Exercise prompt:
In the material below, find the line with "Rank Đơn: Chưa" and the line with "Pakaian Ibu Kerah". Output exactly those two lines and all lines between them, leaving out pictures.

Data:

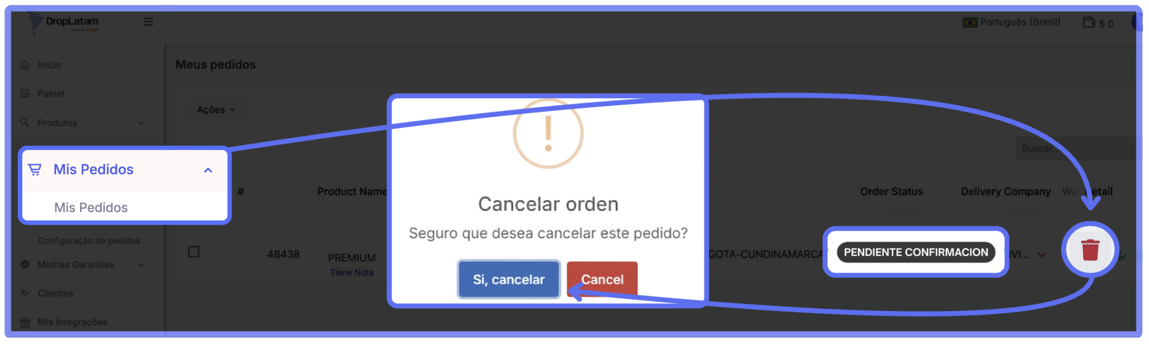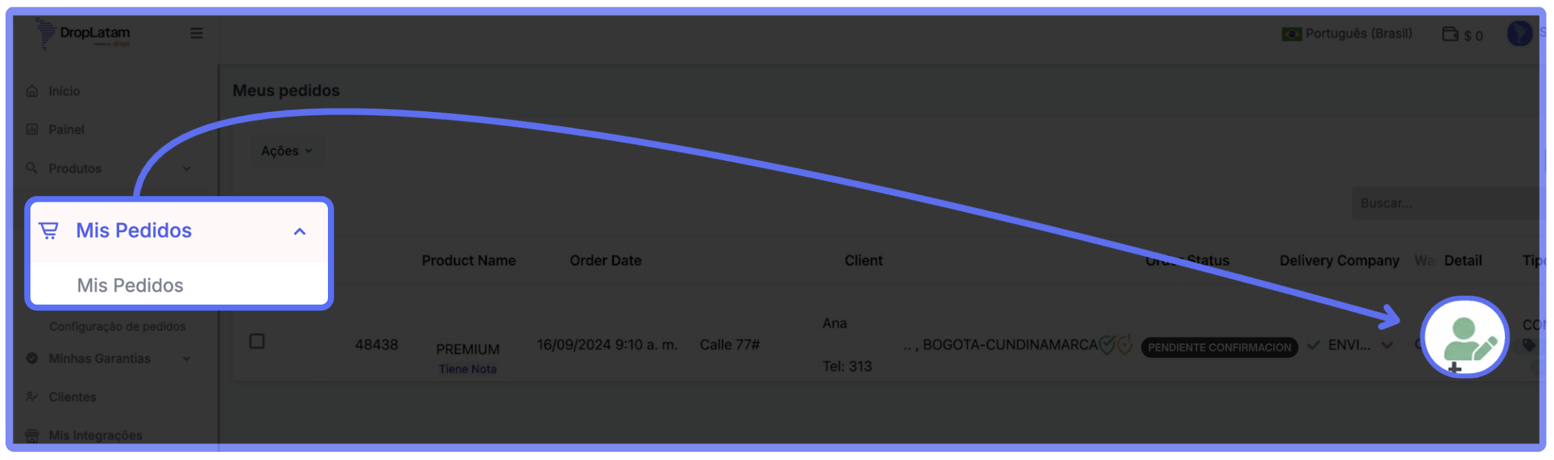 - Ve a Mis Pedidos en la plataforma DropLatam y localiza el pedido
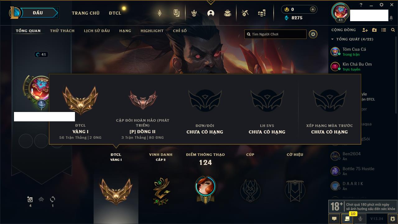 Rank Đơn: Chưa rank mùa nàoKhung: Chưa có khungTướng: 36 - Còn 190 THXTrang Phục: 14Rank ĐTCL: Chưa RankLinh Thú: 65
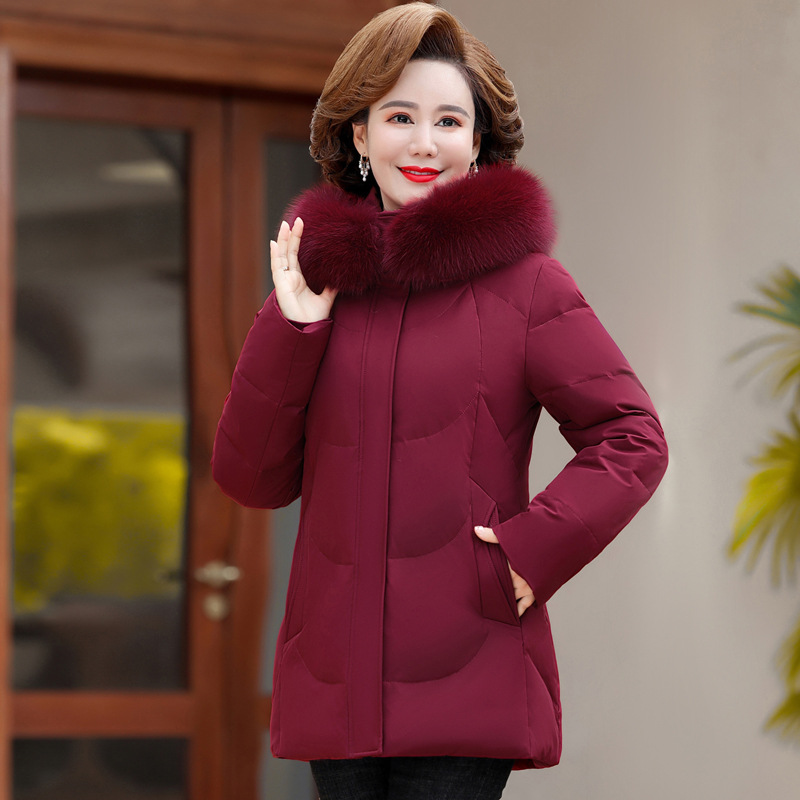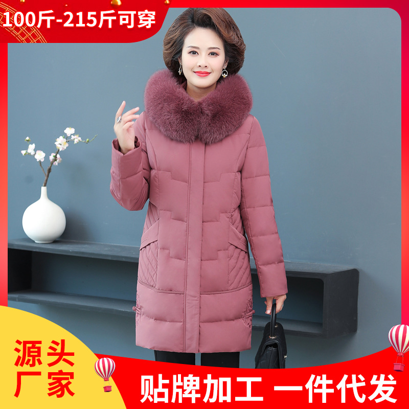 Pakaian Ibu Kerah Bulu Besar Jaket Musim Dingin Dipertebal Setengah Baya Bulu Bebek Putih Setengah Baya Pakaian Ibu Model Panjang Sedang
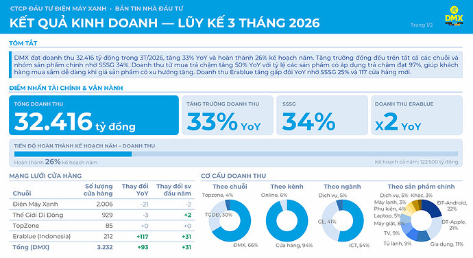 Với tiến độ hoàn thành 26% kế hoạch năm chỉ sau quý đầu tiên, cùng việc kết quả thực tế đang vượt dự báo, DMX đang có một nền khởi đầu tích cực cho năm 2026. Nếu sức mua tiếp tục được hỗ trợ bởi tài chính tiêu dùng, các nhóm hàng điện lạnh bước vào mùa cao điểm, và Erablue duy trì tốc độ mở rộng hiện tại, triển vọng tăng trưởng của hệ thống trong các quý tiếp theo vẫn tương đối khả quan.
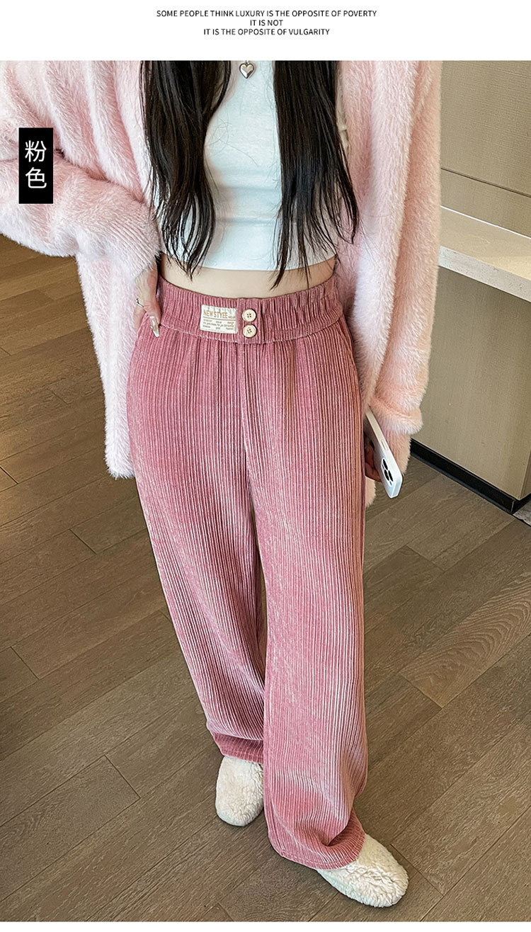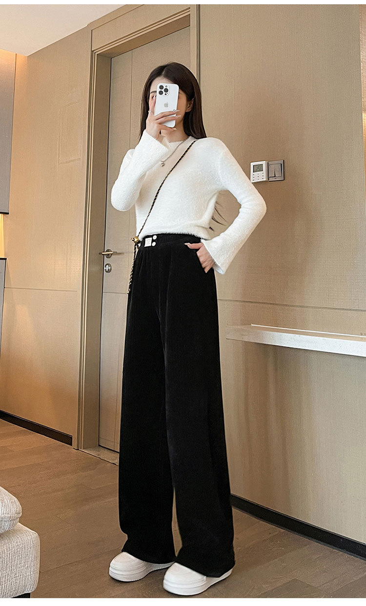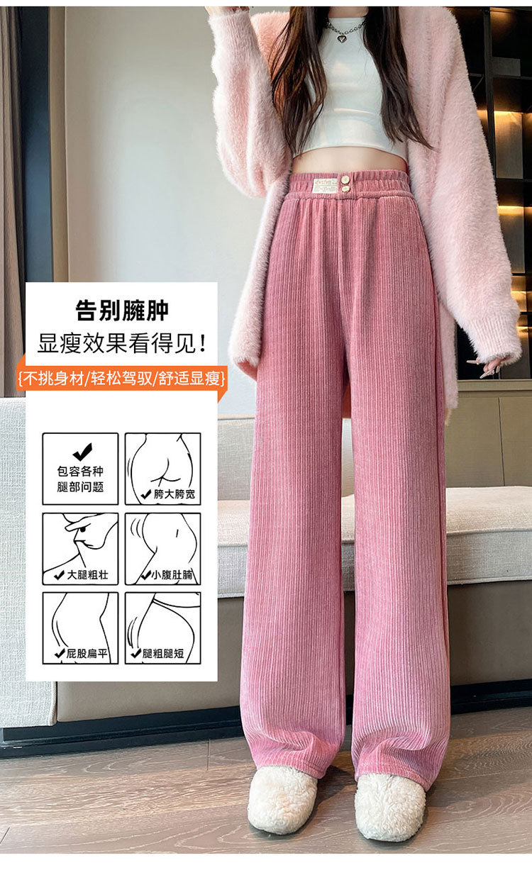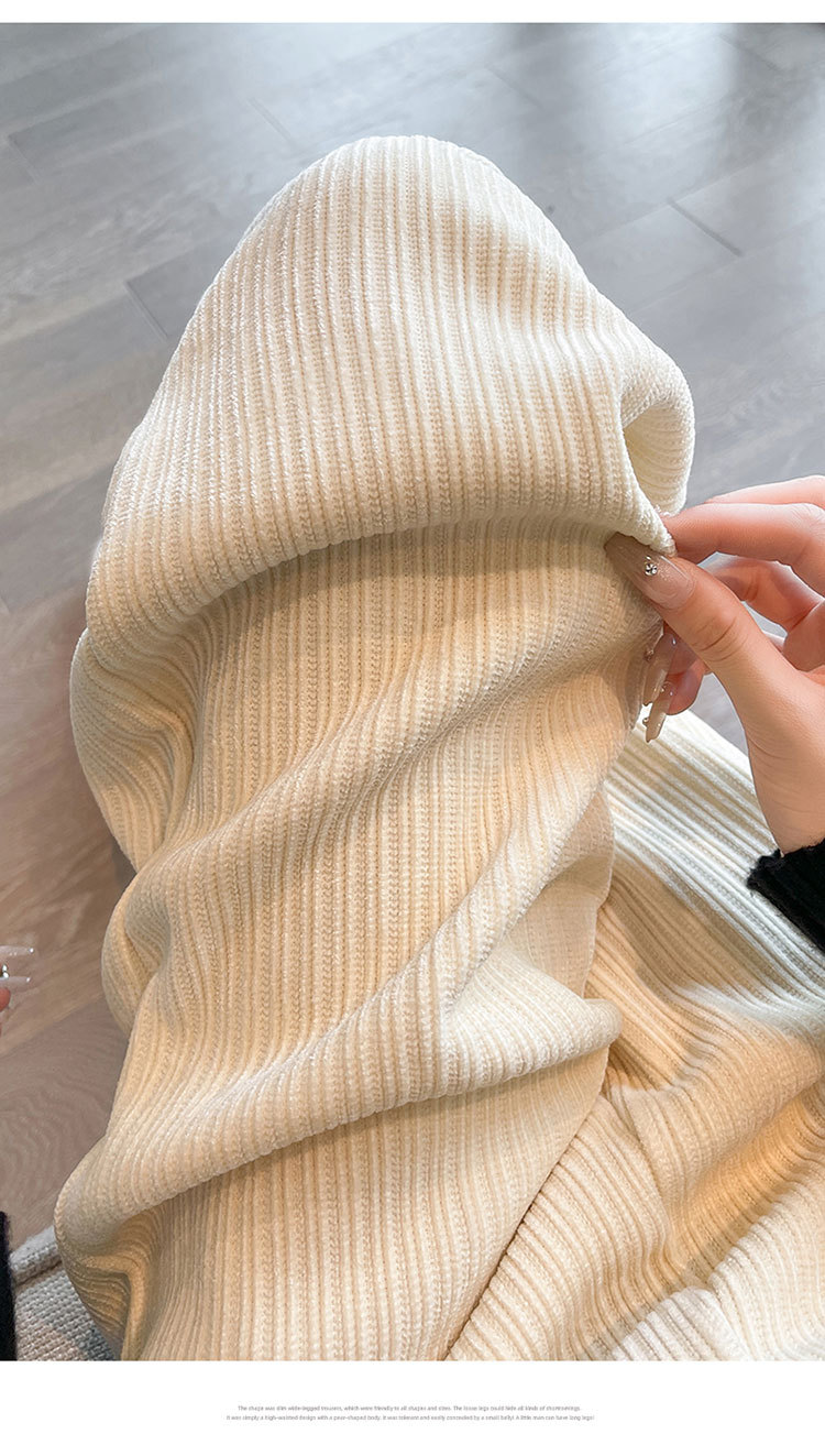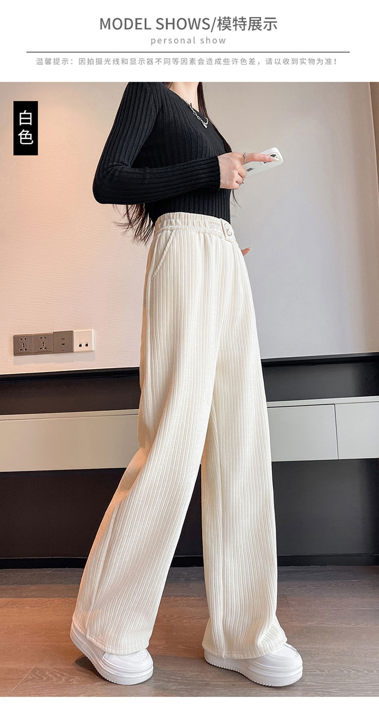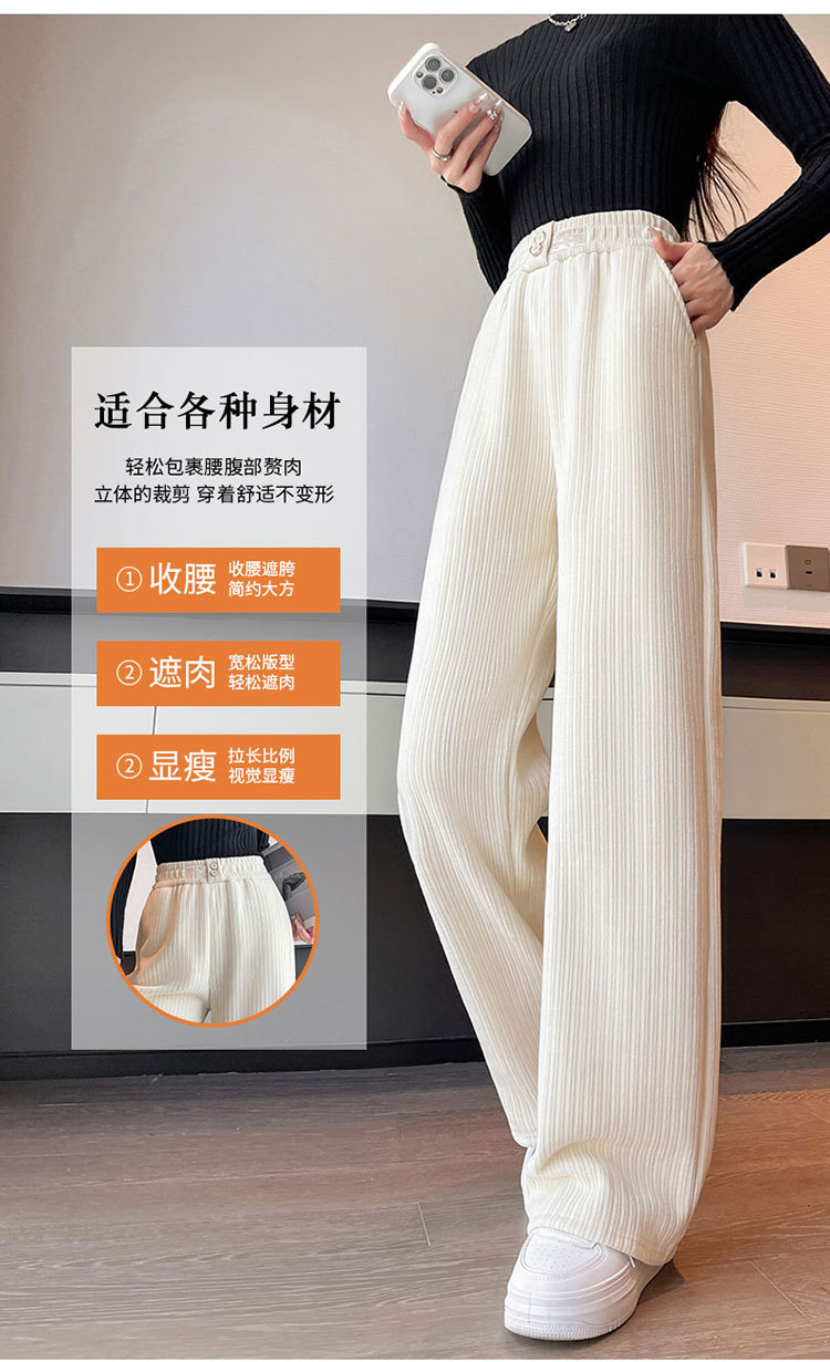 米白色雪尼尔阔腿裤子女春秋冬季2024新款直筒针织灯芯绒休闲裤

Solution to the exercise:
 Rank Đơn: Chưa rank mùa nàoKhung: Chưa có khungTướng: 36 - Còn 190 THXTrang Phục: 14Rank ĐTCL: Chưa RankLinh Thú: 65
 Pakaian Ibu Kerah Bulu Besar Jaket Musim Dingin Dipertebal Setengah Baya Bulu Bebek Putih Setengah Baya Pakaian Ibu Model Panjang Sedang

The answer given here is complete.